Es kommt, wie es auch in Realität oft kommen muss: Vor allem die männlichen Ermittler aus Saarlouis, so auch Hauptkommissar Zerner (Rudolf Kowalski) und Freddy Breyer (Robin Sondermann), scheinen dem Opfer nicht mehr zu glauben. Die Zweifel haben Konsequenzen: Falk zieht ihre Anzeige zurück, verzweifelt gleichsam am Druck, den patriarchale Ungläubigkeit und verschwommene Erinnerungen erzeugen. Lediglich Kommissarin Mohn glaubt ihr, ermittelt ohne die Hilfe der Kollegen weiter, von denen etwa Mirco Hambach (Hendrik Duryn) auch gegenüber der Ermittlerin ohnehin lieber den alten Machospruch „Hat die ihre Tage oder was?“ auspackt. Immerhin: Nach seiner Verfehlung zeigt sich Hambach dann doch solidarischer als erwartet.

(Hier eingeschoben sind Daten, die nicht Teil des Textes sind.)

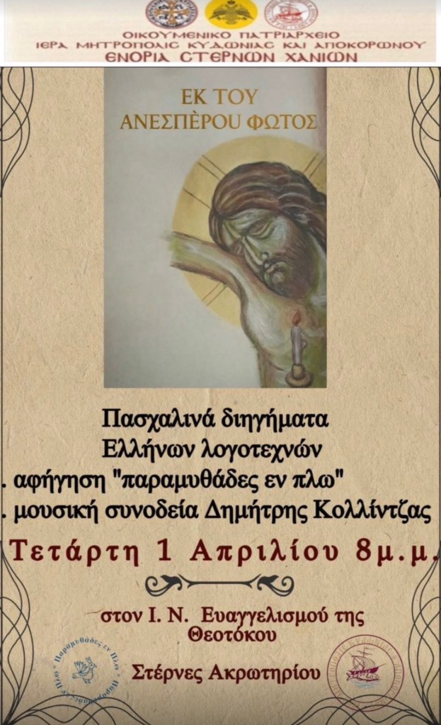 Μάρτιος 29, 2026 ΕΝΟΡΙΑ ΣΤΕΡΝΩΝ ΧΑΝΙΑ Πασχαλινά διηγήματα Ελλήνων Λογοτεχνών – Τέταρτη 1 Απριλίου 2026 στις 20:00 στον Ι.Ν Ευαγγελισμού της Θεοτόκου Ενορίας Στερνών . Μοιρασθῆτε το: Share on X(Ἀνοίγει σὲ νέο παράθυρο) X Μοιρασθῆτε το στὸ Facebook(Ἀνοίγει σὲ νέο παράθυρο) Facebook Email a link to a friend(Ἀνοίγει σὲ νέο παράθυρο) Email Μοῦ ἀρέσει Φόρτωση σὲ ἐξέλιξη...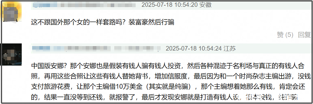 就多肉饱饱涉诈案细节看,网友联想到了海外知名诈骗犯安娜,都是装有钱人骗有钱人,同样的套路永远有人上当……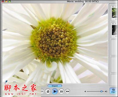 1.如上述方式擷取剪輯片段,或從硬碟中輸入影片檔案到 iMovie(從“檔案”選單中選擇“輸入”指令,然后在對話框中瀏覽并選定好一個影片檔,再按下“打開”鈕)。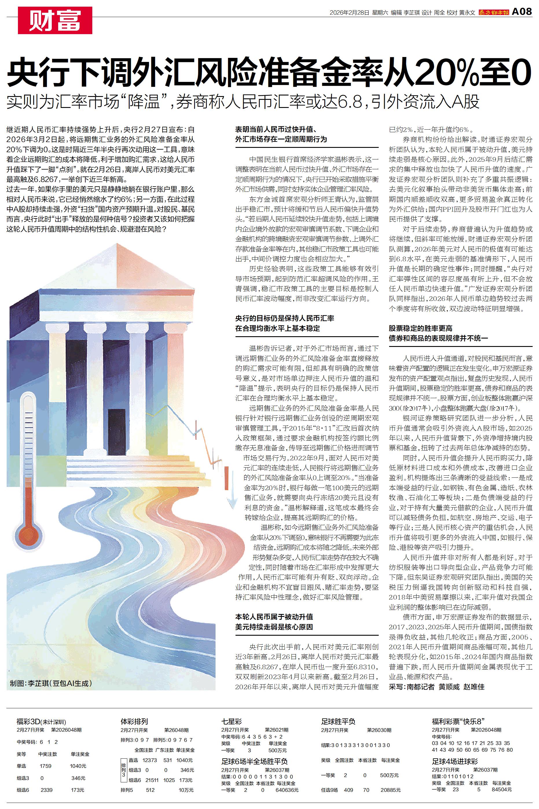 继近期人民币汇率持续强势上升后,央行2月27日宣布:自2026年3月2日起,将远期售汇业务的外汇风险准备金率从20%下调为0。
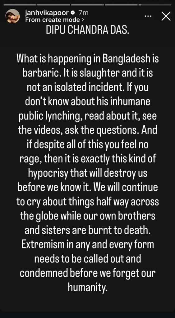 જયારે તેની બાદ જાહ્નવી કપૂરે પણ ઇન્સ્ટાગ્રામ સ્ટોરી શેર કરી છે. તેમજ બાંગ્લાદેશમાં હિંદુઓ પરના હુમલાઓને અમાનવીય ગણાવી હતી. જાહ્નવીએ લખ્યું કે કોઈપણ પ્રકારની હિંસા અને કટ્ટરતાનો વિરોધ કરવો મહત્વપૂર્ણ છે. નહીં તો સમાજ તેની માનવતા ગુમાવી દેશે. જાહ્નવી કપૂરે એમ પણ કહ્યું કે વિશ્વના કોઈપણ ભાગમાં નફરત અને હિંસા માટે કોઈ સ્થાન ન હોવું જોઈએ. જાહ્નવીની પોસ્ટની સોશિયલ મીડિયા પર પ્રશંસા થઈ રહી છે.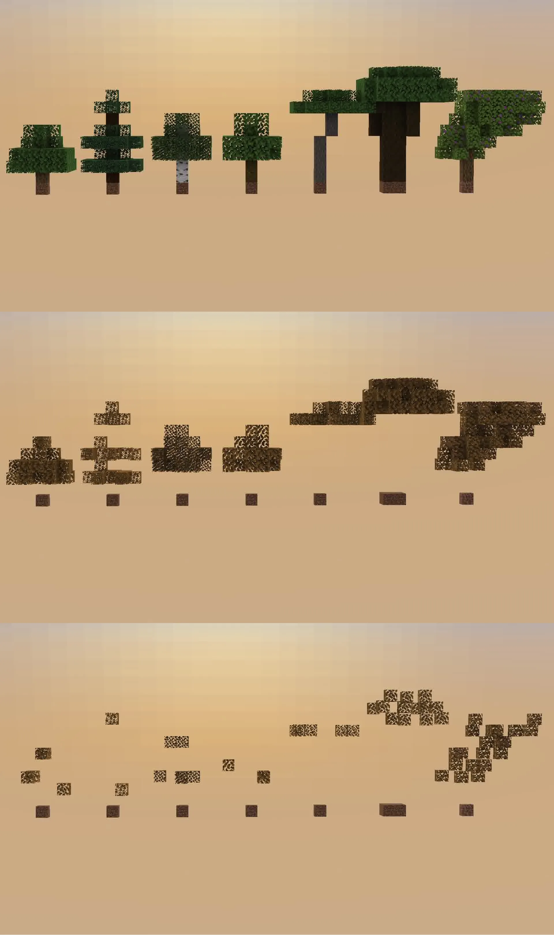 Этот ресурс пак меняет визуализацию листвы при вырубке дерева. Когда вы ломаете ствол, блоки листвы моментально меняют текстуру на полупрозрачную или окрашиваются в сигнальный цвет. Это дает четкое понимание, какая часть кроны осталась без опоры и скоро исчезнет сама по себе. Такая индикация избавляет от необходимости гадать, где именно спрятался неучтенный блок древесины. Вы сразу видите потенциальные зоны спавна саженцев или яблок, не тратя время на лишние клики инструментом. Механика делает процесс заготовки ресурсов предсказуемым и заметно ускоряет темп игры.
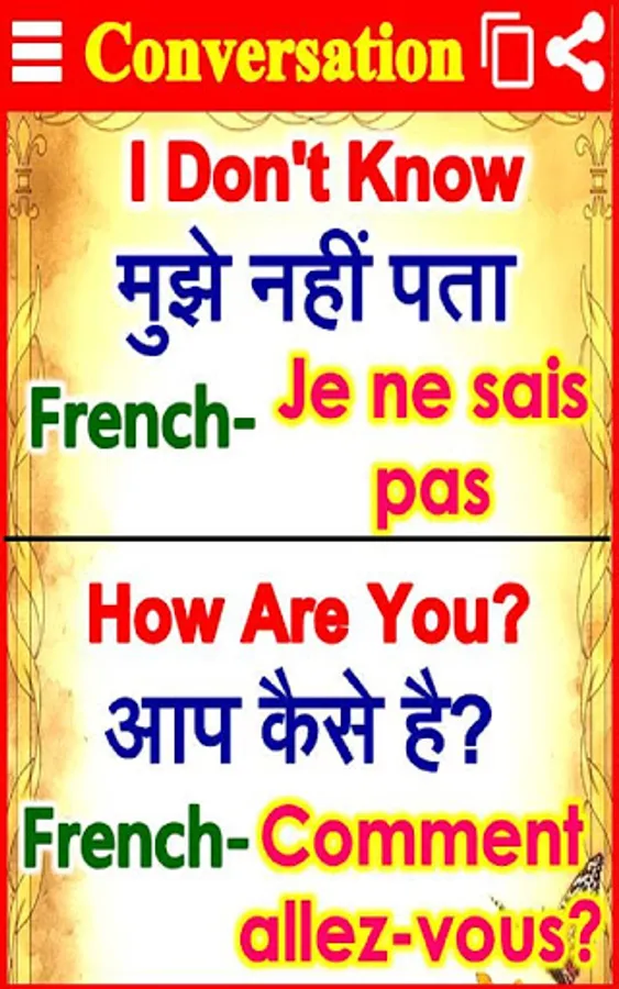 With the help of this French learning app, you can improve your French language speaking and learning in an easy way. French learning app has many useful French phrases words common conversation topics and sentences which can help you to learn French easily. This is an online/offline app that provides you an easy way to Speak French with confidence. Here you can get more information about French phrases and vocabularies in Hindi and the English language also. This app also provides some French words under many useful categories like – fruits vegetables names animals birds names and colors names sentences to learn and improve your French language vocabulary easily.
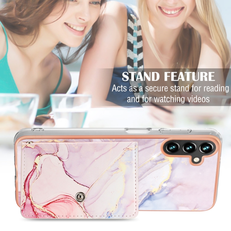 Estuche para Teléfono Samsung Galaxy A34 5G con Ranura para Tarjeta Imd Patrón de Mármol (Oro Rosa)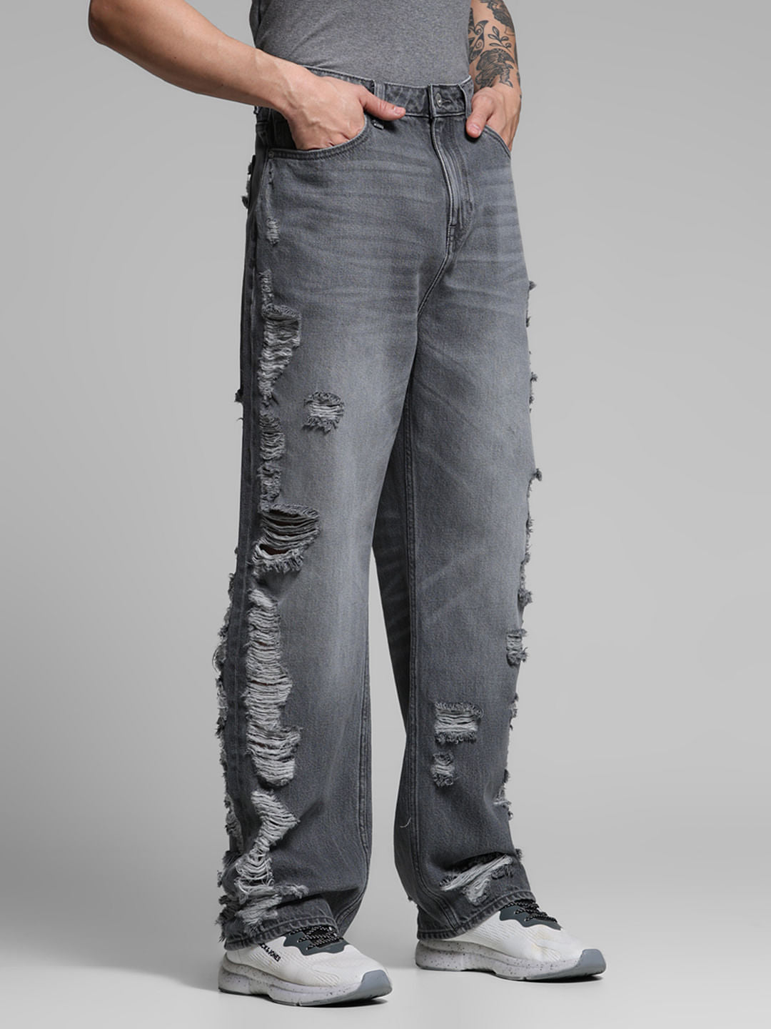 GREY DISTRESSED DARIO LOOSE FIT JEANS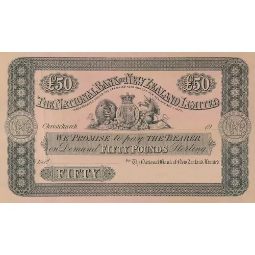 | Obverse lettering | THE NATIONAL BANK OF NEW ZEALAND LIMITED INCORPORATED UNDER THE COMPANIES ACTS AND THE NEW ZEALAND ACT 1. 1873 WELLINGTON WE PROMISE TO PAY THE BEARER ON DEMAND FIFTY POUNDS STERLING FOR THE NATIONAL BANK OF NEW ZEALAND LIMITED FIFTY |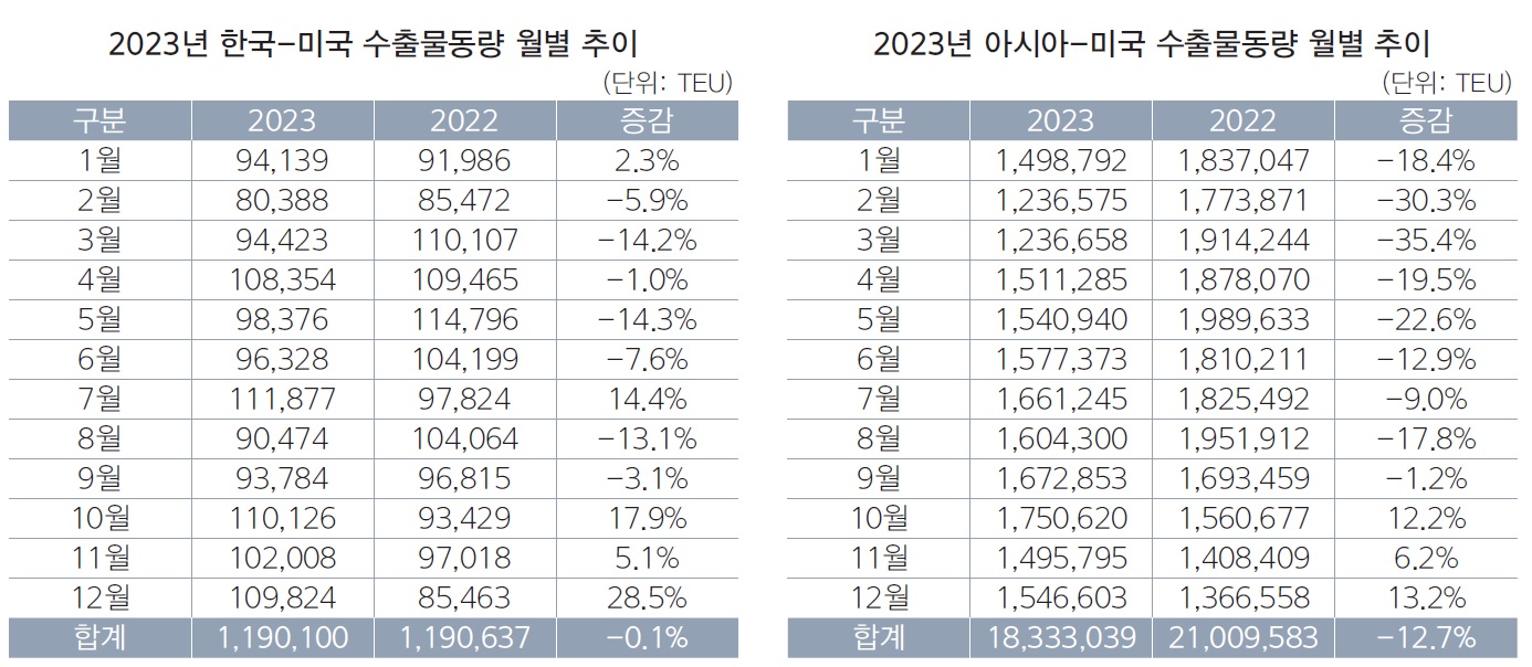 우리나라는 2021년 110만TEU를 미국으로 수송하며 사상 처음으로 100만TEU를 넘어선 뒤 이듬해 119만TEU를 실어 날랐다. 지난해 수송 실적은 전년 대비 0.1% 감소한 119만TEU에 그쳤다.

Bei einer Gegenüberstellung erkennt Falk seltsamerweise die Stimme des Täters. Sie bricht im Polizeirevier zusammen und landet in einer psychiatrischen Klinik. Anja Kling versteht es vortrefflich, die traumatischen Erlebnisse ihrer Figur in bedrückend-realistisches Schauspiel zu übersetzen, kontrastiert vom ermittlerischen Business-as-usual, das letztlich dazu führt, dass der Verdächtige entlassen und der Fall zu den Akten gelegt wird. Dass erst fünf Jahre später ein Leichenfund die mögliche Vergewaltigung von damals wieder ins Blickfeld der Ermittler rückt, erweist sich als kluger - und deprimierender - Krimi-Kniff: Der Zufall muss helfen, denn am Opfer wird gezweifelt.

ARTE zeigt den Film als Erstausstrahlung, das ZDF wird zu einem späteren Zeitpunkt folgen.